Hong Jeana, Lee Seungkoo, Shon Yoonjung
Department of Pediatrics, Kangwon National University Hospital, Kangwon National University School of Medicine, Chuncheon, Korea.
Department of Anatomic pathology, Kangwon National University Hospital, Kangwon National University School of Medicine, Chuncheon, Korea.
Clin Endosc. 2018 Jan;51(1):89-94. doi: 10.5946/ce.2017.038. Epub 2017 Jun 13.

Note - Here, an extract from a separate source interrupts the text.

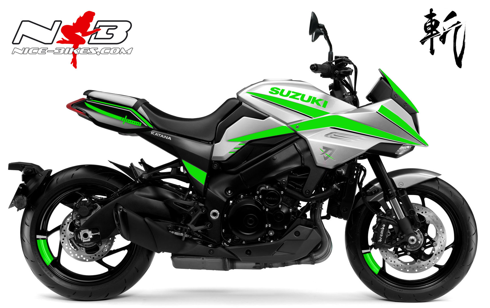 Katana limegreen auf silberner Maschine

Ménétrier's disease (MD), which is characterized by hypertrophic gastric folds and foveolar cell hyperplasia, is the most common gastrointestinal (GI) cause of protein-losing enteropathy (PLE). The clinical course of MD in childhood differs from that in adults and has often been reported to be associated with cytomegalovirus (CMV) infection. We present a case of a previously healthy 22-month-old boy presenting with PLE, who was initially suspected to have an eosinophilic GI disorder. However, he was eventually confirmed, by detection of CMV DNA using polymerase chain reaction (PCR) with gastric tissue, to have MD associated with an active CMV infection. We suggest that endoscopic and pathological evaluation is necessary for the differential diagnosis of MD. In addition, CMV DNA detection using PCR analysis of biopsy tissue is recommended to confirm the etiologic agent of MD regardless of the patient's age or immune status.
门脉高压性胃病(MD)以胃皱襞肥厚和小凹细胞增生为特征,是蛋白丢失性肠病(PLE)最常见的胃肠道病因。儿童MD的临床病程与成人不同,且常报道与巨细胞病毒(CMV)感染有关。我们报告一例先前健康的22个月大男孩,表现为PLE,最初怀疑患有嗜酸性胃肠道疾病。然而,最终通过对胃组织进行聚合酶链反应(PCR)检测CMV DNA,证实他患有与活动性CMV感染相关的MD。我们建议内镜和病理评估对于MD的鉴别诊断是必要的。此外,无论患者年龄或免疫状态如何,建议使用活检组织的PCR分析检测CMV DNA以确诊MD的病原体。